What to produce -> Could the data below be retyped exactly, without its pictures?

--- Information provided Enclosed Below ---

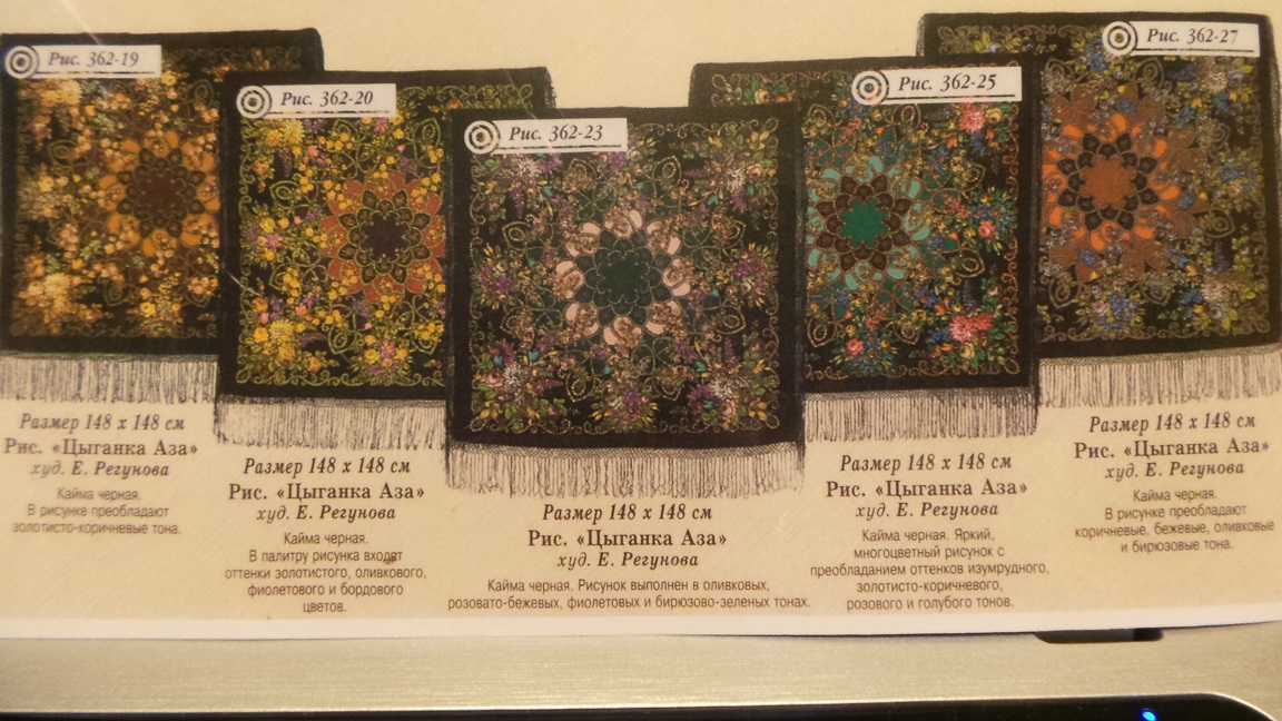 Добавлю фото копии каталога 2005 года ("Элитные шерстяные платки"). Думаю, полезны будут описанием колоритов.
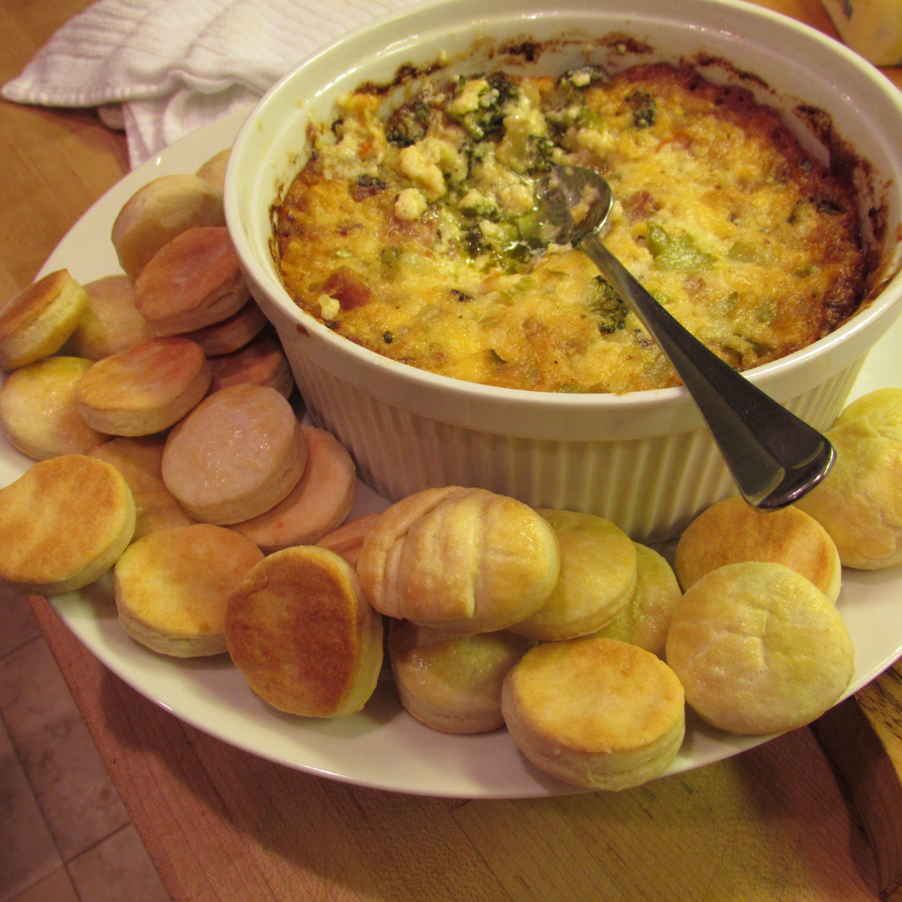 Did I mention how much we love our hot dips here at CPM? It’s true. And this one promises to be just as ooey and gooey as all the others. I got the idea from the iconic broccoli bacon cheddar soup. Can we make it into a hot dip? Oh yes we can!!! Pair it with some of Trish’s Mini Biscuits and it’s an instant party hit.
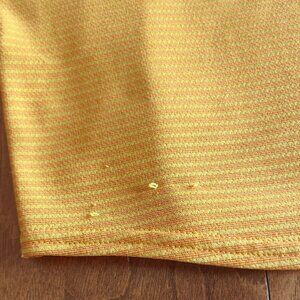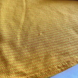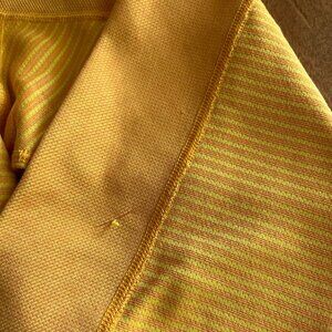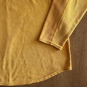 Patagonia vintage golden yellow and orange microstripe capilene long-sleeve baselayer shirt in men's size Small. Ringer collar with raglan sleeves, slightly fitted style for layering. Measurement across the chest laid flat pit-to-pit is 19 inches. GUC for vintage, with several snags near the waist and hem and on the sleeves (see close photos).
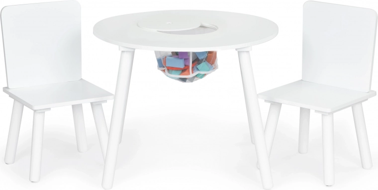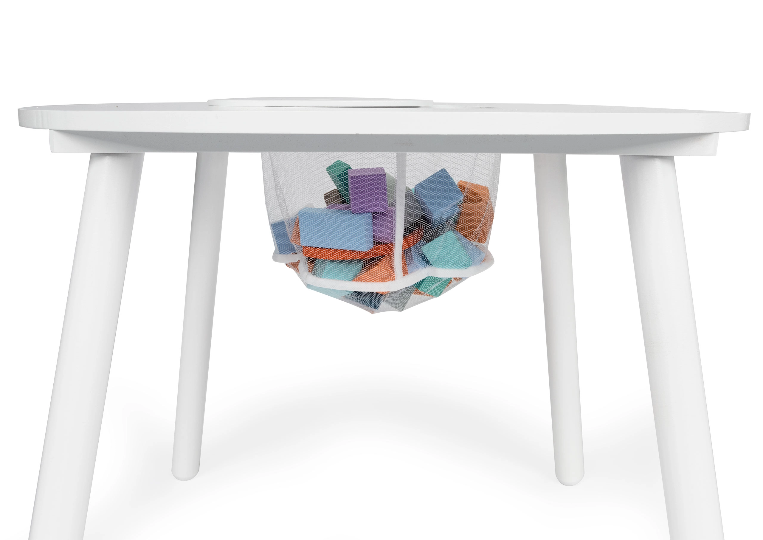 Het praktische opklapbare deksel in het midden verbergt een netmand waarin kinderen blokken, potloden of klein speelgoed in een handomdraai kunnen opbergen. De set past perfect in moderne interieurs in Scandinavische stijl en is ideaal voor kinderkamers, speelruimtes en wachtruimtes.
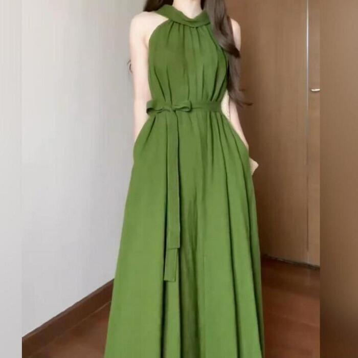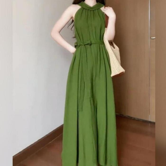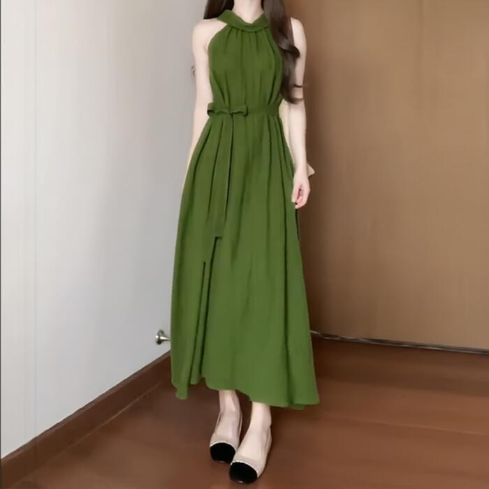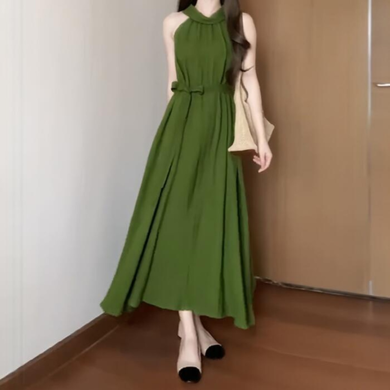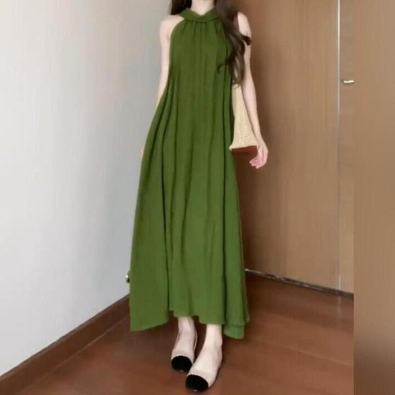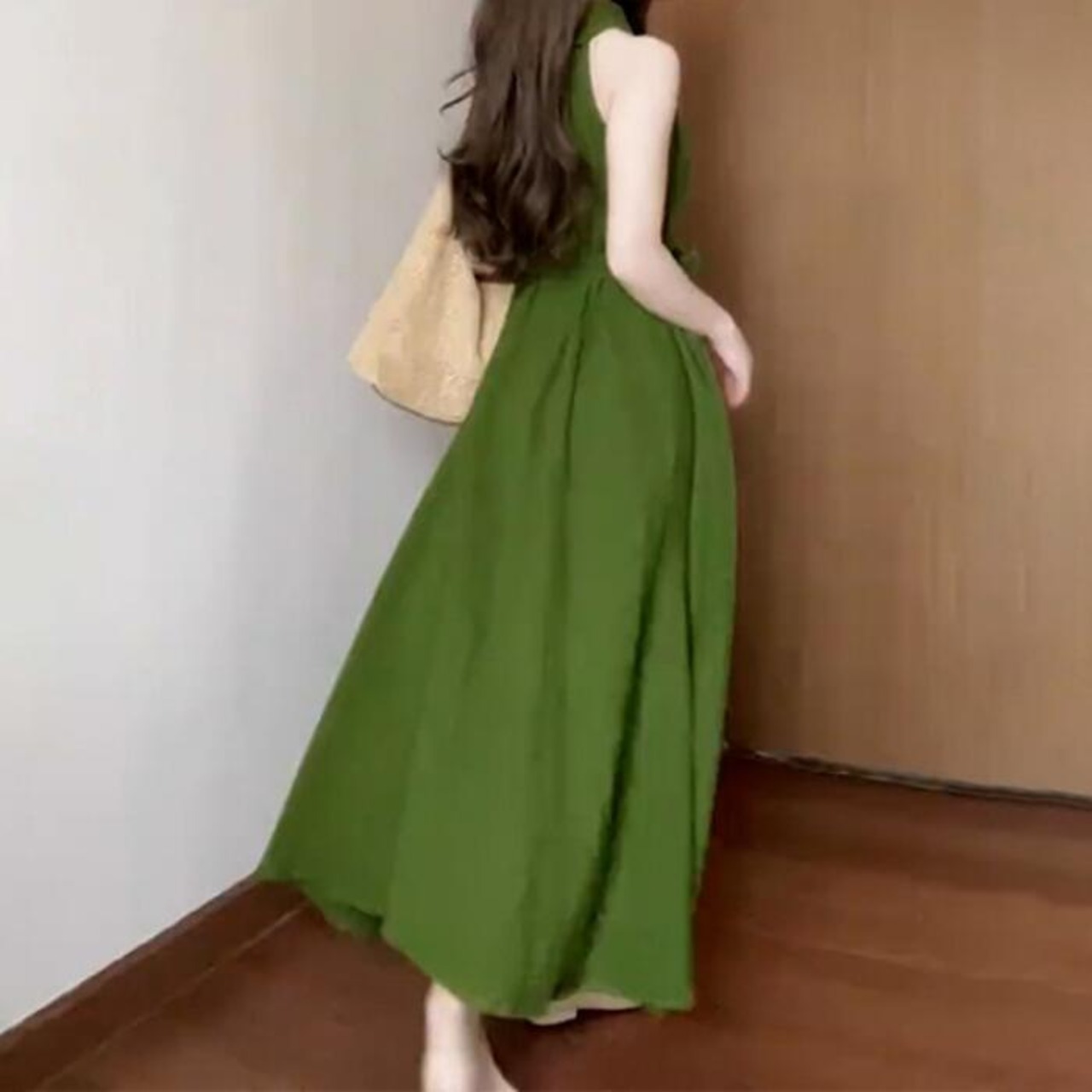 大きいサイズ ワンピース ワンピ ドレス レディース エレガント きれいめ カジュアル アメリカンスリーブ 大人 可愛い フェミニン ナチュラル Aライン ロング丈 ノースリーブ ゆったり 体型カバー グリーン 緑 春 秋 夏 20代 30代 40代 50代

--- End of Enclosed Information provided ---

Solution to the exercise ->
 Добавлю фото копии каталога 2005 года ("Элитные шерстяные платки"). Думаю, полезны будут описанием колоритов.
 Did I mention how much we love our hot dips here at CPM? It’s true. And this one promises to be just as ooey and gooey as all the others. I got the idea from the iconic broccoli bacon cheddar soup. Can we make it into a hot dip? Oh yes we can!!! Pair it with some of Trish’s Mini Biscuits and it’s an instant party hit.
 Patagonia vintage golden yellow and orange microstripe capilene long-sleeve baselayer shirt in men's size Small. Ringer collar with raglan sleeves, slightly fitted style for layering. Measurement across the chest laid flat pit-to-pit is 19 inches. GUC for vintage, with several snags near the waist and hem and on the sleeves (see close photos).
 Het praktische opklapbare deksel in het midden verbergt een netmand waarin kinderen blokken, potloden of klein speelgoed in een handomdraai kunnen opbergen. De set past perfect in moderne interieurs in Scandinavische stijl en is ideaal voor kinderkamers, speelruimtes en wachtruimtes.
 大きいサイズ ワンピース ワンピ ドレス レディース エレガント きれいめ カジュアル アメリカンスリーブ 大人 可愛い フェミニン ナチュラル Aライン ロング丈 ノースリーブ ゆったり 体型カバー グリーン 緑 春 秋 夏 20代 30代 40代 50代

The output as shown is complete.